# [Data excerpts]
━━━━━━━━━━━━━━━━
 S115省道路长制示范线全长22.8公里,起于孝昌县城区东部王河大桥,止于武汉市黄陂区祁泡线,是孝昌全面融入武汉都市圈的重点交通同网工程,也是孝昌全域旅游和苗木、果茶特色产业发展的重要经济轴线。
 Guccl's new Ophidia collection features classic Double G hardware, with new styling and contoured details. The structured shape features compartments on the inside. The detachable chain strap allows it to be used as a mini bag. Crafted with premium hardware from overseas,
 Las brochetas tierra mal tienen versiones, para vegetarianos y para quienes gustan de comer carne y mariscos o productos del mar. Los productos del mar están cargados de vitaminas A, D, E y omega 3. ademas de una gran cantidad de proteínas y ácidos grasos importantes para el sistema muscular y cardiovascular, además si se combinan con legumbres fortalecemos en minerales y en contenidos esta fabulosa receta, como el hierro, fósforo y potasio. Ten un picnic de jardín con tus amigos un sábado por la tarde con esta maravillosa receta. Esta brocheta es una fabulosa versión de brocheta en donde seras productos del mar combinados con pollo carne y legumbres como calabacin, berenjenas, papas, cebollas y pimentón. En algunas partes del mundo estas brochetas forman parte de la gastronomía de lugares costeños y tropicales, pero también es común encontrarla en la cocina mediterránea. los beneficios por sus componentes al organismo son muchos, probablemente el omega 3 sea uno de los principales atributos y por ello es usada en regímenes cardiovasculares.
━━━━━━━━━━━━━━━━
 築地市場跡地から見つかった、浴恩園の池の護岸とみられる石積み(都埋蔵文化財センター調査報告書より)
━━━━━━━━━━━━━━━━
# [Problem]
In the entries above, the lines between the one holding "S115省道路长制示范线全长" and the one holding "Guccl's new Ophidia", inclusive, are to be printed exactly as written, and those alone.

# [Response for this exercise]
 S115省道路长制示范线全长22.8公里,起于孝昌县城区东部王河大桥,止于武汉市黄陂区祁泡线,是孝昌全面融入武汉都市圈的重点交通同网工程,也是孝昌全域旅游和苗木、果茶特色产业发展的重要经济轴线。
 Guccl's new Ophidia collection features classic Double G hardware, with new styling and contoured details. The structured shape features compartments on the inside. The detachable chain strap allows it to be used as a mini bag. Crafted with premium hardware from overseas,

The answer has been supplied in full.